By Francis W. Porretto
Francis W. Porretto avatar

"Crusade" is one of those words, the ones you're not supposed to say. It bears a huge freight of connotations, most of which, thanks to the industrious resculptors of world history, are unpleasant. At the very least, like "faith" and "obedience," it demands that one commit to an arduous undertaking whose results are not guaranteed to be pleasant.

The word was coined to cover the military expeditions of the 11th century and subsequently, which were aimed at retaking the Holy Land from its Muslim conquerors. Those conquerors had subjected the population of the region to the usual Islamic barbarities.
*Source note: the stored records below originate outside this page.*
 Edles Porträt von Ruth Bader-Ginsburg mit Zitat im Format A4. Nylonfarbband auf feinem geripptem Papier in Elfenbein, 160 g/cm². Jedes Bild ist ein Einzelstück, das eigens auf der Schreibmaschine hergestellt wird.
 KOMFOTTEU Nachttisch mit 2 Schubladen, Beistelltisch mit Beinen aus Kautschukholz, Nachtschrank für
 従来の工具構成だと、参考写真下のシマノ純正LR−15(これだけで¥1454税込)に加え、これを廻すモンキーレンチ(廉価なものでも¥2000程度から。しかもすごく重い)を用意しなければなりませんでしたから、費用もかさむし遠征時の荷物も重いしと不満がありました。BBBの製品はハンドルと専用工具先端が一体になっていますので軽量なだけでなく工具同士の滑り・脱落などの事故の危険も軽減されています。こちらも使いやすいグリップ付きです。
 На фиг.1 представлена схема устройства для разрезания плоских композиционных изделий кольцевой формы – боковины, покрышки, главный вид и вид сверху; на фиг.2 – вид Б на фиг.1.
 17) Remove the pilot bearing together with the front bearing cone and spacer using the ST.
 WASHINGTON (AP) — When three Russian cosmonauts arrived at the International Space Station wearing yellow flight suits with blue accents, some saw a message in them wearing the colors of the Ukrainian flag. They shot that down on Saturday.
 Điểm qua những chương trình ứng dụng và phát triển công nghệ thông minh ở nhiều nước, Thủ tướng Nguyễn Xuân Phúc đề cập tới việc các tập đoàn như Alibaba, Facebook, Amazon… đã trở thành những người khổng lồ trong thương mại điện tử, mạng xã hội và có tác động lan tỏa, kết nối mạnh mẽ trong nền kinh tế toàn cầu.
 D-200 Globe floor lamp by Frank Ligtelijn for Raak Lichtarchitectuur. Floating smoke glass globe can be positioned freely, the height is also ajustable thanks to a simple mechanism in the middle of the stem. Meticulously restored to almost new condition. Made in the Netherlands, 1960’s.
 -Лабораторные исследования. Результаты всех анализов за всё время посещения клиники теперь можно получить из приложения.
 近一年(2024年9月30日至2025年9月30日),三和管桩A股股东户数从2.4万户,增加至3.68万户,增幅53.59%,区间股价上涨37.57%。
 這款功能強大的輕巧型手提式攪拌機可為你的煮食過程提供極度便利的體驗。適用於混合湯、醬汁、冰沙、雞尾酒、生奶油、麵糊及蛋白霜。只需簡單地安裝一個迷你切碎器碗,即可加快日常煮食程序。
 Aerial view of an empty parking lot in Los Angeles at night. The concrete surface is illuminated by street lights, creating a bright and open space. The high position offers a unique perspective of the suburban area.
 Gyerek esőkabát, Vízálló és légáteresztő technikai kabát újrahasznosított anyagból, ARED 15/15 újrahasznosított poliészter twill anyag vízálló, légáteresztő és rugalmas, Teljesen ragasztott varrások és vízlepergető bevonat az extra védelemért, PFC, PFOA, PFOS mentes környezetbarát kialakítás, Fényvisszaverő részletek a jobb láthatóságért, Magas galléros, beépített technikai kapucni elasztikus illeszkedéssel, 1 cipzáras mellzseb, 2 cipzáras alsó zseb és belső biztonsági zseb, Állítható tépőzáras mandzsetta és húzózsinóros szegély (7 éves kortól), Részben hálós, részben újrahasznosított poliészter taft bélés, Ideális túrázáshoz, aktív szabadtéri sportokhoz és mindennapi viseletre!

Most notable from a Christian standpoint was the imposition of dhimmi status on the "infidels" -- the non-Muslims -- of the land.

Under Islam, dhimmis are second-class citizens, subject to special taxes and sumptuary laws, required to give way to any and all Muslims in all circumstances, and forbidden to invite Muslims to their faith. Muslims may defraud them, visit all manner of insults upon them, and place them in a position that would require them to convert to Islam or be killed.

Dhimmis are not permitted to build new places of worship, and may be forbidden even to maintain their existing ones. Dhimmi children have routinely been conscripted to serve as sacrificial troops who, by marching ahead of Muslims, reduced Muslim casualties at the cost of their own lives.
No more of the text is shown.